■ **Exercise details**
All pictures are to be excluded when the data below is output verbatim.

■ **Information shown**
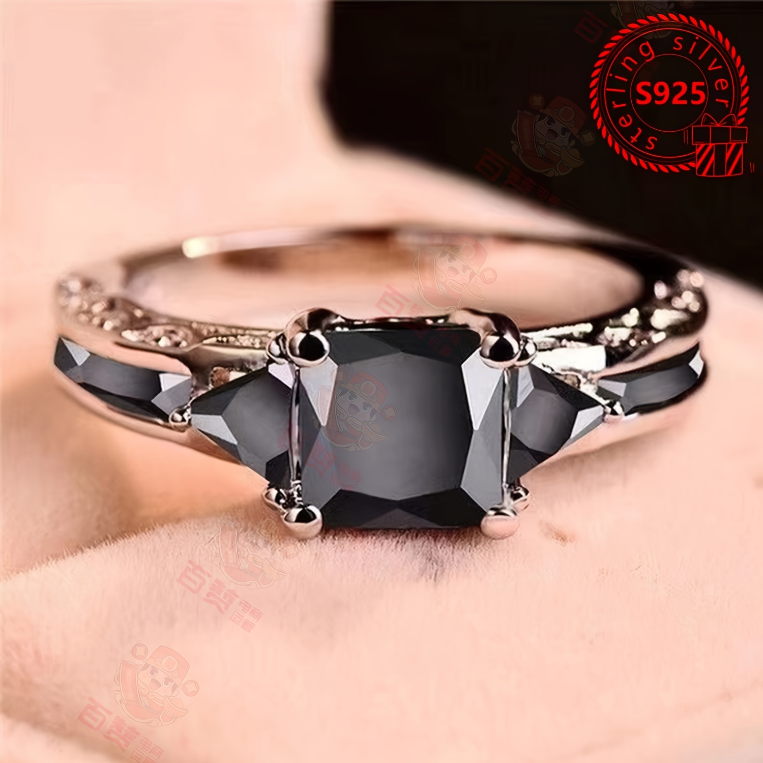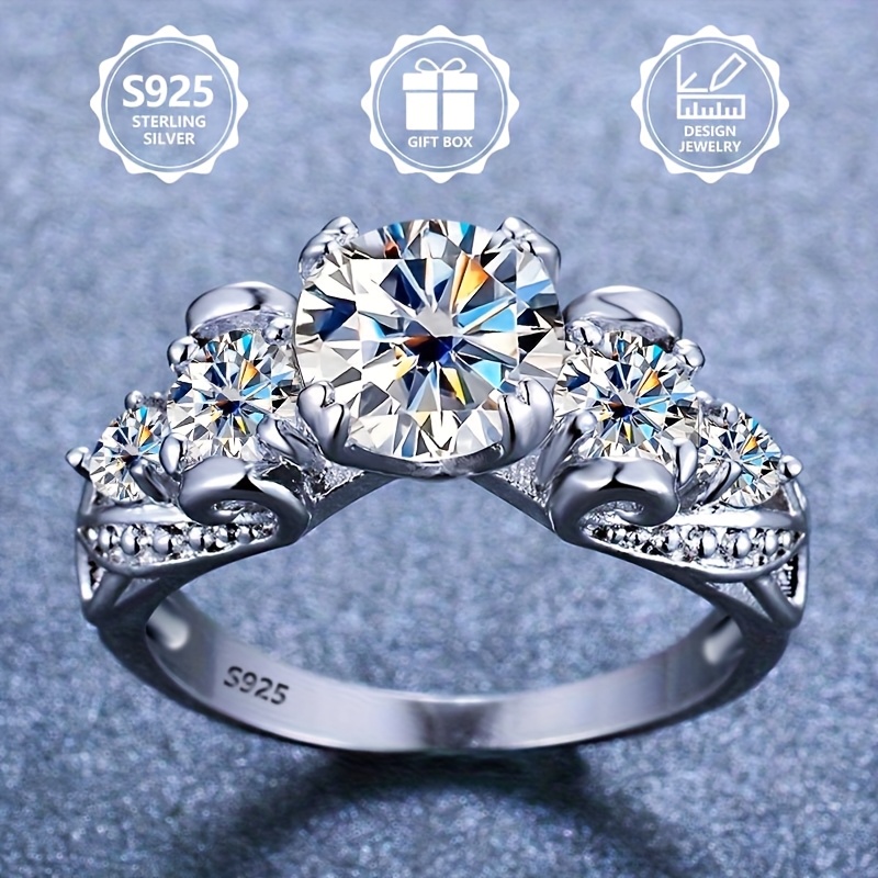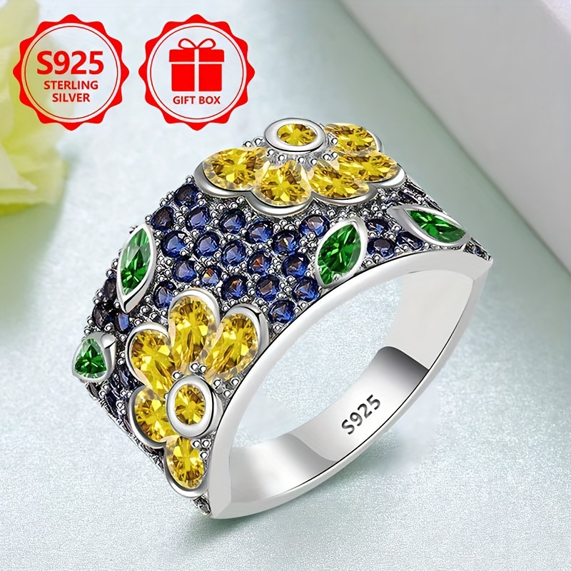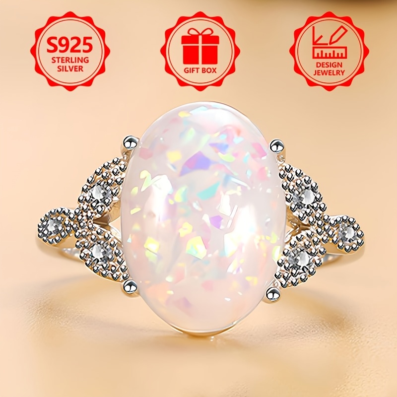 TEMU خاتم نسائي فاخر من الفضة الإسترليني S925 بتصميم زهرة الورد وأحجار حمراء بيضاوية بأربعة أسنان
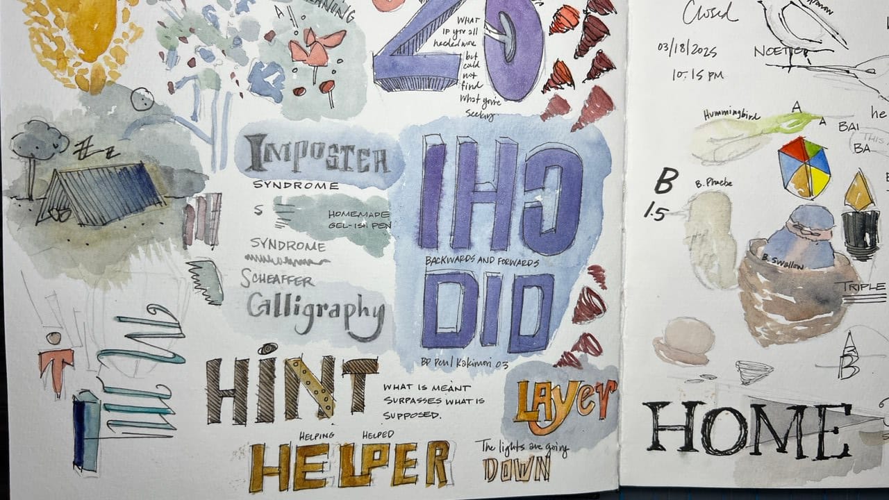 I handed her one of my journals and a pencil...then brush pens, a Fude nib, and a suggestion: "Just doodle. Make pancakes."
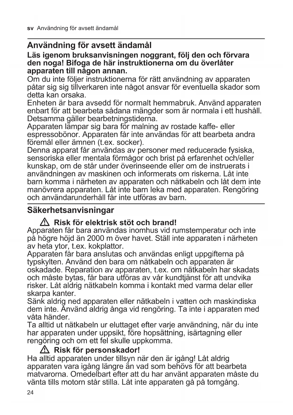 Vennligst kast innpakningsmaterialet på en miljø- og forskriftsmessig måte. Dette apparatet er klassifisert i henhold til det europeiske direk- tivet 2012/19/EU om avhending av elektrisk- og elektronisk utstyr (waste electrical and electronic equipment – WEEE). Direktivet angir rammene for innlevering og gjenvinning av innbytteprodukter. Faghandelen kan gi opplysninger om aktuelle avfallsmottak. Garanti For dette apparatet gjelder de garantibe- tingelser som er oppgitt av vår representant i de respektive land. Detaljer om disse garantibetingelsene får du ved å henvende deg til elektrohandelen der du har kjøpt apparatet. Ved krav i forbindelse med garantiytelser, er det i alle fall nødvendig å legge fram kvittering for kjøpet av apparatet. Det tas forbehold om endringer.24 sv Användning för avsett ändamål Användning för avsett ändamål Läs igenom bruksanvisningen noggrant, följ den och förvara den noga! Bifoga de här instruktionerna om du överlåter apparaten till någon annan. Om du inte följer instruktionerna för rätt användning av apparaten påtar sig sig tillverkaren inte något ansvar för eventuella skador som detta kan orsaka. Enheten är bara avsedd för normalt hemmabruk. Använd apparaten enbart för att bearbeta sådana mängder som är normala i ett hushåll. Detsamma gäller bearbetningstiderna. Apparaten lämpar sig bara för malning av rostade kaffe- eller espressobönor. Apparaten får inte användas för att bearbeta andra föremål eller ämnen (t.ex. socker). Denna apparat får användas av personer med reducerade fysiska, sensoriska eller mentala förmågor och brist på erfarenhet och/eller kunskap, om de står under överinseende eller om de instruerats i användningen av maskinen och informerats om riskerna. Låt inte barn komma i närheten av apparaten och nätkabeln och låt dem inte manövrera apparaten. Låt inte barn leka med apparaten. Rengöring och användarunderhåll får inte utföras av barn. Säkerhetsanvisningar W Risk för elektrisk stöt och brand! Apparaten får bara användas inomhus vid rumstemperatur och inte på högre höjd än 2000 m över havet. Ställ inte apparaten i närheten av heta ytor, t.ex. kokplattor. Apparaten får bara anslutas och användas enligt uppgifterna på typskylten. Använd den bara om nätkabeln och apparaten är oskadade. Reparation av apparaten, t.ex. om nätkabeln har skadats och måste bytas, får bara utföras av vår kundtjänst för att undvika risker. Låt aldrig nätkabeln komma i kontakt med varma delar eller skarpa kanter. Sänk aldrig ned apparaten eller nätkabeln i vatten och maskindiska dem inte. Använd aldrig ånga vid rengöring. Ta inte i apparaten med våta händer. Ta alltid ut nätkabeln ur eluttaget efter varje användning, när du inte har apparaten under uppsikt, före hopsättning, isärtagning eller rengöring och om ett fel skulle uppkomma. W Risk för personskador! Ha alltid apparaten under tillsyn när den är igång! Låt aldrig apparaten vara igång längre än vad som behövs för att bearbeta matvarorna. Omedelbart efter att du har använt apparaten måste du vänta tills motorn står stilla. Låt inte apparaten gå på tomgång.25

■ **Completed task**
 TEMU خاتم نسائي فاخر من الفضة الإسترليني S925 بتصميم زهرة الورد وأحجار حمراء بيضاوية بأربعة أسنان
 I handed her one of my journals and a pencil...then brush pens, a Fude nib, and a suggestion: "Just doodle. Make pancakes."
 Vennligst kast innpakningsmaterialet på en miljø- og forskriftsmessig måte. Dette apparatet er klassifisert i henhold til det europeiske direk- tivet 2012/19/EU om avhending av elektrisk- og elektronisk utstyr (waste electrical and electronic equipment – WEEE). Direktivet angir rammene for innlevering og gjenvinning av innbytteprodukter. Faghandelen kan gi opplysninger om aktuelle avfallsmottak. Garanti For dette apparatet gjelder de garantibe- tingelser som er oppgitt av vår representant i de respektive land. Detaljer om disse garantibetingelsene får du ved å henvende deg til elektrohandelen der du har kjøpt apparatet. Ved krav i forbindelse med garantiytelser, er det i alle fall nødvendig å legge fram kvittering for kjøpet av apparatet. Det tas forbehold om endringer.24 sv Användning för avsett ändamål Användning för avsett ändamål Läs igenom bruksanvisningen noggrant, följ den och förvara den noga! Bifoga de här instruktionerna om du överlåter apparaten till någon annan. Om du inte följer instruktionerna för rätt användning av apparaten påtar sig sig tillverkaren inte något ansvar för eventuella skador som detta kan orsaka. Enheten är bara avsedd för normalt hemmabruk. Använd apparaten enbart för att bearbeta sådana mängder som är normala i ett hushåll. Detsamma gäller bearbetningstiderna. Apparaten lämpar sig bara för malning av rostade kaffe- eller espressobönor. Apparaten får inte användas för att bearbeta andra föremål eller ämnen (t.ex. socker). Denna apparat får användas av personer med reducerade fysiska, sensoriska eller mentala förmågor och brist på erfarenhet och/eller kunskap, om de står under överinseende eller om de instruerats i användningen av maskinen och informerats om riskerna. Låt inte barn komma i närheten av apparaten och nätkabeln och låt dem inte manövrera apparaten. Låt inte barn leka med apparaten. Rengöring och användarunderhåll får inte utföras av barn. Säkerhetsanvisningar W Risk för elektrisk stöt och brand! Apparaten får bara användas inomhus vid rumstemperatur och inte på högre höjd än 2000 m över havet. Ställ inte apparaten i närheten av heta ytor, t.ex. kokplattor. Apparaten får bara anslutas och användas enligt uppgifterna på typskylten. Använd den bara om nätkabeln och apparaten är oskadade. Reparation av apparaten, t.ex. om nätkabeln har skadats och måste bytas, får bara utföras av vår kundtjänst för att undvika risker. Låt aldrig nätkabeln komma i kontakt med varma delar eller skarpa kanter. Sänk aldrig ned apparaten eller nätkabeln i vatten och maskindiska dem inte. Använd aldrig ånga vid rengöring. Ta inte i apparaten med våta händer. Ta alltid ut nätkabeln ur eluttaget efter varje användning, när du inte har apparaten under uppsikt, före hopsättning, isärtagning eller rengöring och om ett fel skulle uppkomma. W Risk för personskador! Ha alltid apparaten under tillsyn när den är igång! Låt aldrig apparaten vara igång längre än vad som behövs för att bearbeta matvarorna. Omedelbart efter att du har använt apparaten måste du vänta tills motorn står stilla. Låt inte apparaten gå på tomgång.25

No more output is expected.